Many people know the threat posed by downed power lines and other storm-related damage to the electrical grid. Duke Energy warns that all storm-damaged lines, whether fallen or sagging, should be considered live and fully energized along with “trees, limbs or anything in contact with the lines.”

Customers of Duke Energy Carolinas should call 800-769-3766 to report power line problems.

But the flooding often associated with major storms also can mean trouble for gas service, meters and appliances, especially in low-lying areas, said Jennifer Sharpe of Piedmont Natural Gas.

Potential problems stem from submerged meters or gas-powered appliances in such areas, Sharpe said. Other damage can occur to compressor stations that keep gas moving through the lines and to smaller, household service lines that can be damaged by uprooted trees, she said.

Whatever damage a bystander or customer observes, Sharpe’s advice is the same: Don’t try to fix it yourself. Simply alert the gas company at 800-752-7504.

“If the meter or an appliance has been flooded, they should call us immediately,” Sharpe said. “We will know what areas have been flooded and we’re going to be out in those areas.”

Like Archie, Sharpe said that Piedmont will work through an industry association to bring in repair crews as needed from other parts of the country in the storm’s aftermath.

Meanwhile, officials at both pipeline companies said their networks were operating normally Tuesday, but they added that company officials were actively planning their response if the storm causes problems along either route through North Carolina and South Carolina.

“Preparedness plans include securing buildings and warehouses, isolating power systems, and removing operations personnel to ensure their safety and to ensure that qualified personnel are able to resume operations following the storm,” Kinder Morgan staff member Lexey Long said.

The Plantation Pipeline begins near Baton Rouge, La., and ends near Washington.
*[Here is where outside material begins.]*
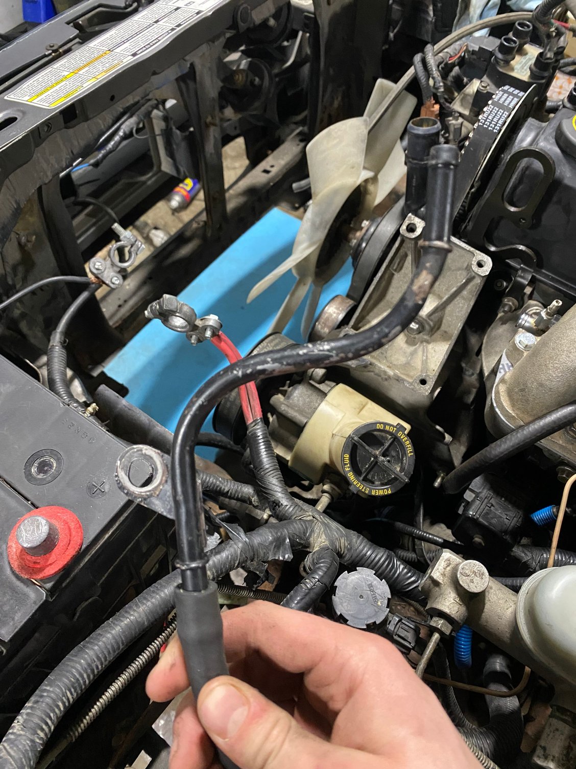 Hey, not sure what year your truck is but it looks really similar to my 95 from the pics. I had a hard vacuum line piece like that that connected from the carbon canister to under the throttle body on mine. The rubber ends of the hard line had eroded away so I replaced it with a soft vacuum hose all the way through.

The Colonial network extends from the Houston area across the Southeast to the New York City metro.

Both pipelines supply parts of the tank farm west of Greensboro and then continue through the city’s lake area north of town.

Duke Energy’s meteorology staff said as early as Sunday that customers should expect “widespread damage and power outages as Hurricane Florence is forecast to be a large and extremely dangerous storm system, packing fierce winds and torrential rainfall.”

Depending on where it hits and how hard, “total power restoration could take multiple days to several weeks,” the power company warned.